Fig. 4. Summary results of clinical features distinguishing each biotype from the other biotypes.

a–f, Circuit biotypes are visualized using circuit schematics on the left (biotypes are labeled a–f). We first compared these circuit biotypes on symptoms of depression and related anxiety (column ‘Symptom severity’). Next, we compared biotypes on behavioral performance on general and emotional cognitive tests relevant to social and occupational function (column ‘Behavioral dysfunction’). We compared biotypes on severity after treatment with one of three antidepressant pharmacotherapies (escitalopram, sertraline or venlafaxine XR), a behavioral problem-solving therapy (I-CARE) or usual care (U-CARE) (column ‘Severity after treatment’). To facilitate comparison across units of analysis, all measures were scaled between 0 and 1 so that 0 would represent minimum severity/dysfunction and 1 maximum severity/dysfunction. The column ‘Severity after treatment’ shows differences in symptom severity posttreatment (that is, lower values correspond to better treatment response). Comparisons on severity after treatment were conducted only for biotype/treatment combinations having n ≥ 5, so only those are shown. We used the biotype nomenclature used previously. The subscript x indicates that the sixth biotype is not differentiated by a prominent circuit dysfunction relative to other biotypes. Besides this nomenclature, we suggest a short plain-English description for each biotype (in quotes), which connects them with our theoretically synthesized biotypes (as shown in Fig. 3).

Fig. 5. Frequency of diagnoses across biotypes.

We show the proportion of participants in each biotype who meet diagnostic criteria for major depressive disorder, generalized anxiety disorder, panic disorder, social anxiety disorder, obsessive–compulsive disorder and post-traumatic stress disorder (biotypes are labeled a–f). χ² tests revealed that the frequency of major depressive disorder was significantly different across biotypes (two-sided χ² = 24.235, P = 0.0002).

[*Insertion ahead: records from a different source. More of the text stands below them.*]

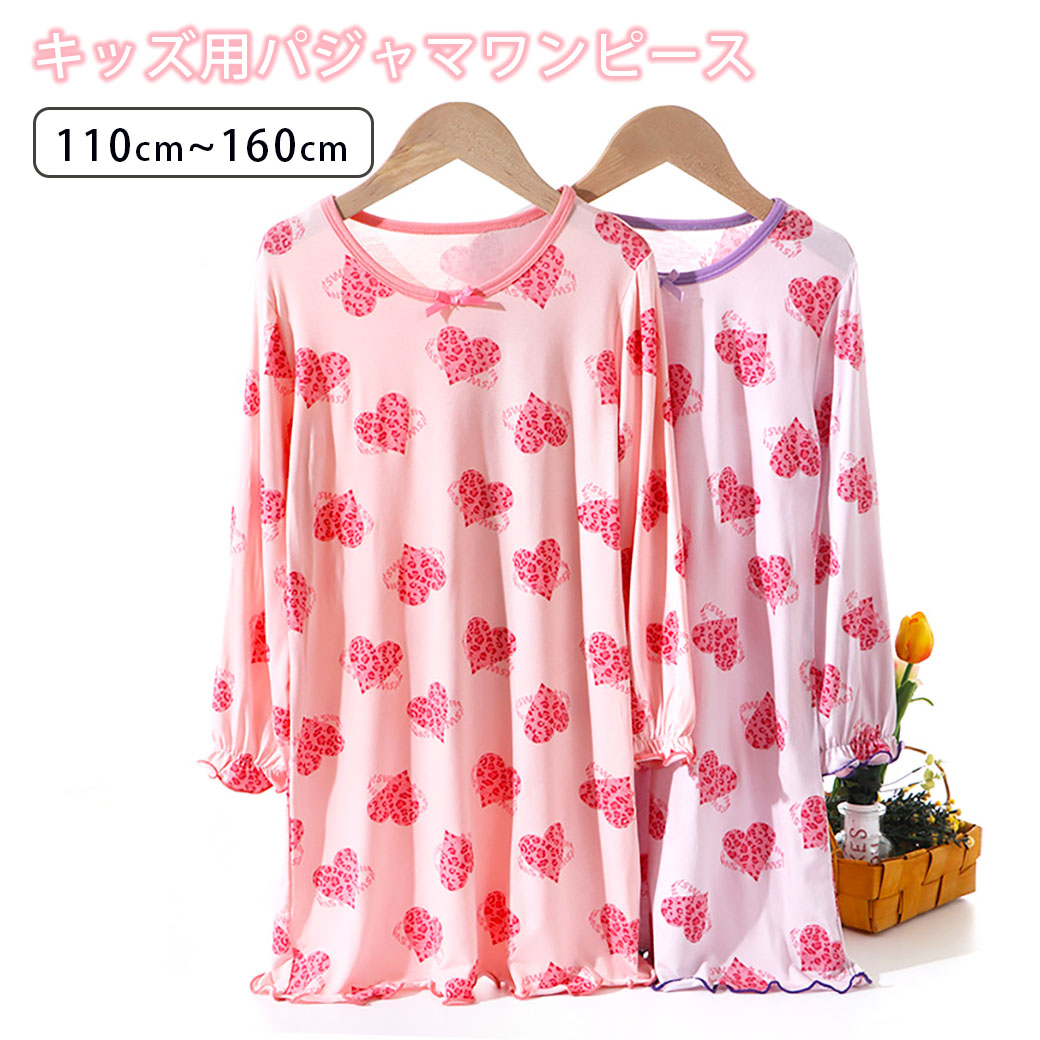 パジャマワンピース キッズ女の子用 薄手通気性 フリル付きハート・ヒョウ柄 ピンク・パープル 110-160cm オールシーズン
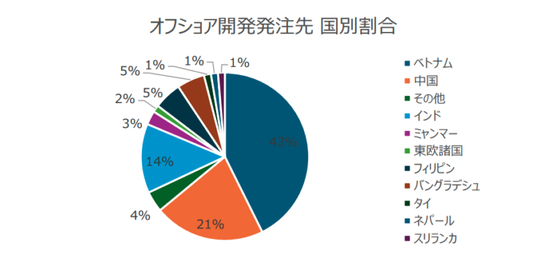 2025年も、オフショア開発先として最も多く選ばれた国はベトナムであり、全体の43%を占めました。
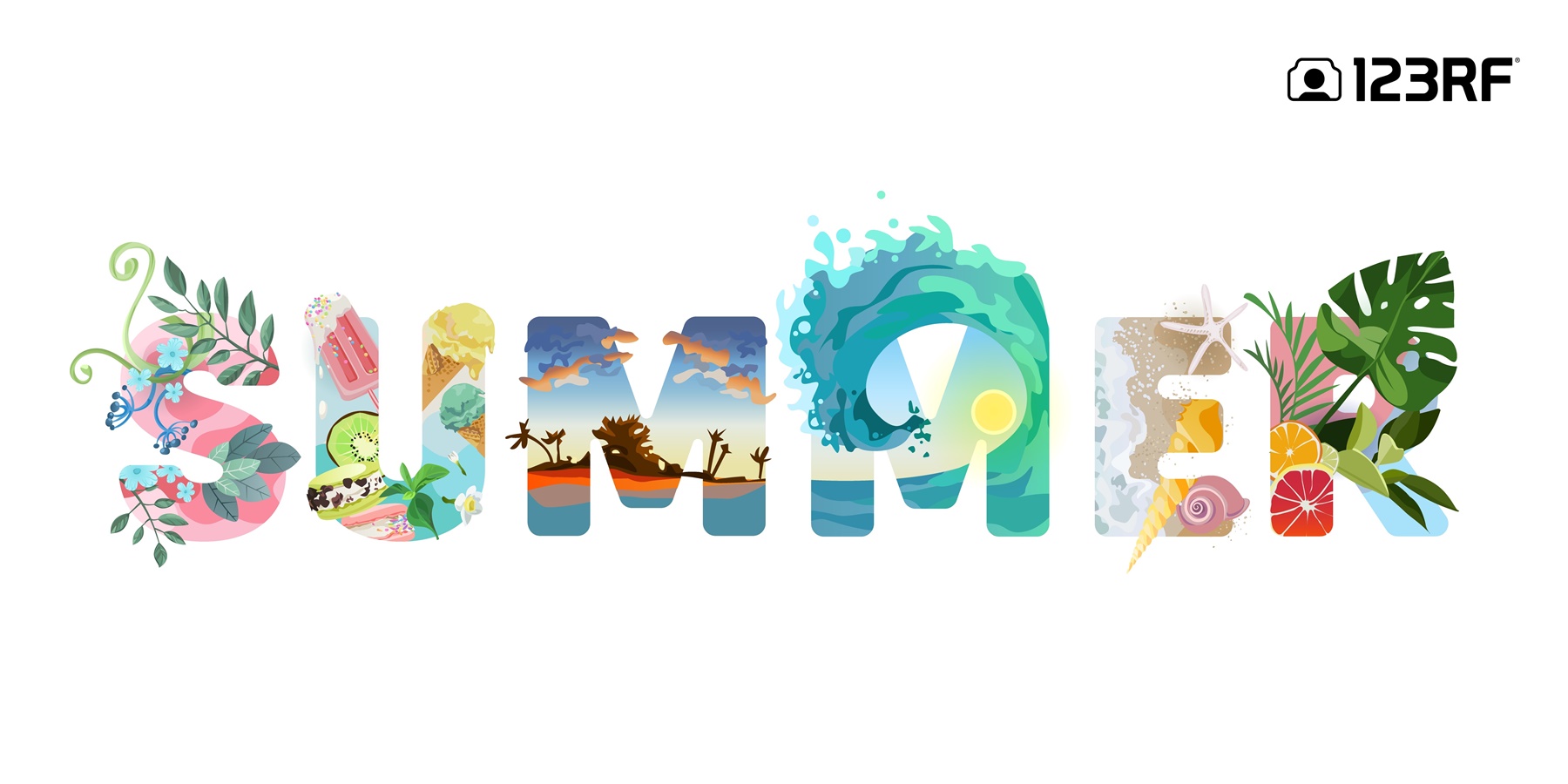 찜통더위가 일찍 찾아온 오래 여름! 그만큼 썸머 캠페인도 오래오래 운영될 것으로 보입니다. 오늘은 123RF에서 이벤트 헤더로 쓰기 적합한 여름 타이포그래피 / 텍스트 아트 일러스트를 모아 소개합니다. 태양처럼 강렬한 타이틀로 대중의 시선을 잡아 보세요.

We used the same biotype nomenclature as previously. The subscript x indicates that the sixth biotype is not differentiated by a prominent circuit dysfunction relative to other biotypes. Besides this nomenclature, we suggest a short plain-English description for each biotype (in quotes), which connects them with our theoretically synthesized biotypes, again as expressed in the legend to Fig. 3.